業績の概要
創生学部の金子紘之特任准教授が参画する研究プロジェクトが、最先端電波望遠鏡であるアルマ望遠鏡を用いて、私たちの住む天の川銀河の外縁部を観測し、これまで発見されていなかった新しい原始星(星の赤ちゃん)を発見しました。さらに、発見した原始星から南北方向に秒速50km以上の高速で分子のガスが噴出していることを明らかにしました。太陽系から遠く離れた天の川銀河の外縁部で産まれた原始星から噴出されている分子ガスを発見したのは、世界で初めてのことです。

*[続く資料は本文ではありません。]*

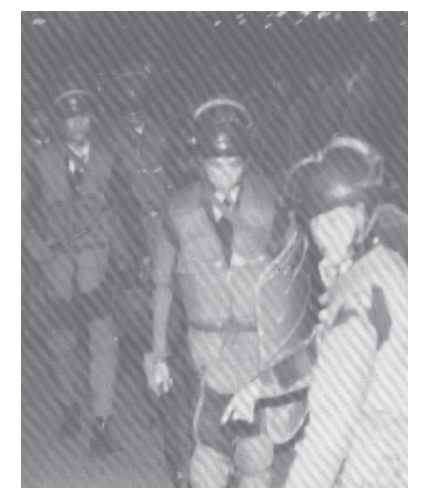
Havily armed riot police advance towards demonstrators

More noise from disturbances in the crowd.
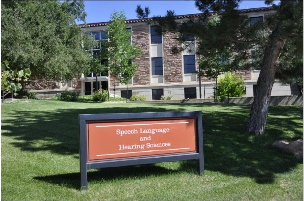
Colorado University's speech, language, and hearing departmental building on the Boulder campus
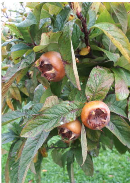
Big beautiful Medlars ripening

All that we do now makes sure we have fruit next year so it is really important.
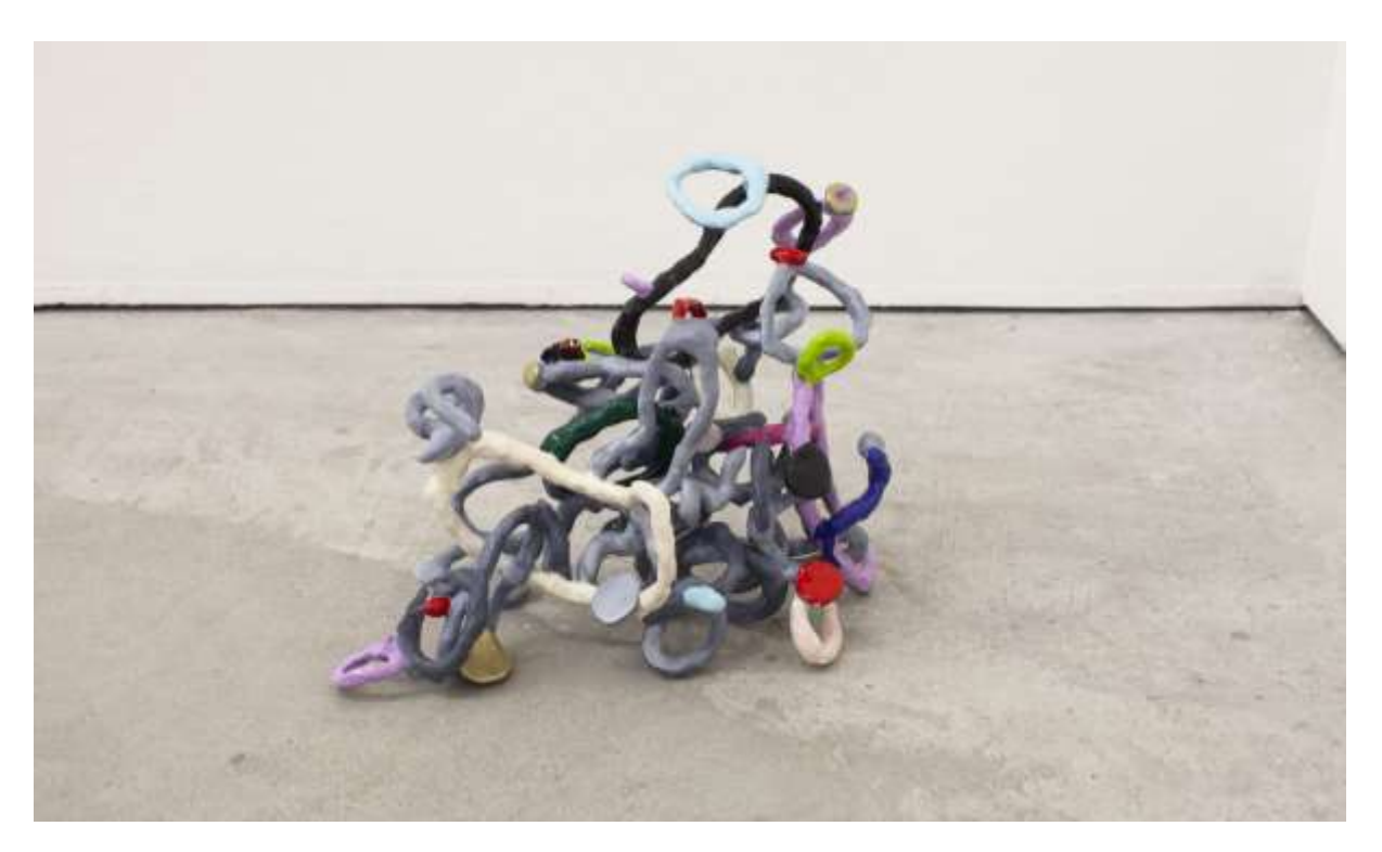
Rhonda Weppler and Trevor Mahovsky Slight Buzz, 2019 epoxy putty, polymerized gypsum, wire, pigment, enamel
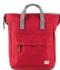
MARS RED MEDIUM RECYCLED CANVAS
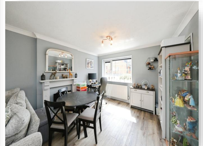
Broom Close, Wath-upon-Dearne ROTHERHAM S63 7JU
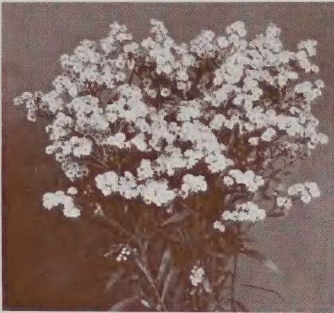
ASTER HYBRIDUS LUTEUS

Gold Flake —Rich deep golden yellow—blooms from Aug. to Oct. 12 in. 25c.
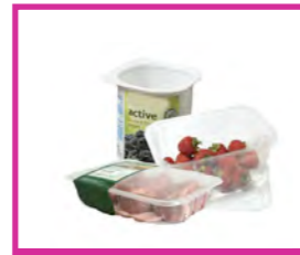
Plastic food packaging*

図:本研究で発見された原始星があるSh 2-283領域と太陽系の天の川銀河内での位置関係。Sh 2-283領域の赤外線3色合成画像(左下: 赤が2.16μm, 緑が1.65μm, ⻘が1.22μm, UKIDSS サーベイより)。アルマ望遠鏡で観測した結果、原始星から一酸化炭素分子ガスが南北方向に噴き出している(アウトフロー、ジェット)ことがわかりました(右下)。
右下の図の緑色の星記号は原始星の位置を、十字記号は噴出されている分子ガスの塊の位置を示しています。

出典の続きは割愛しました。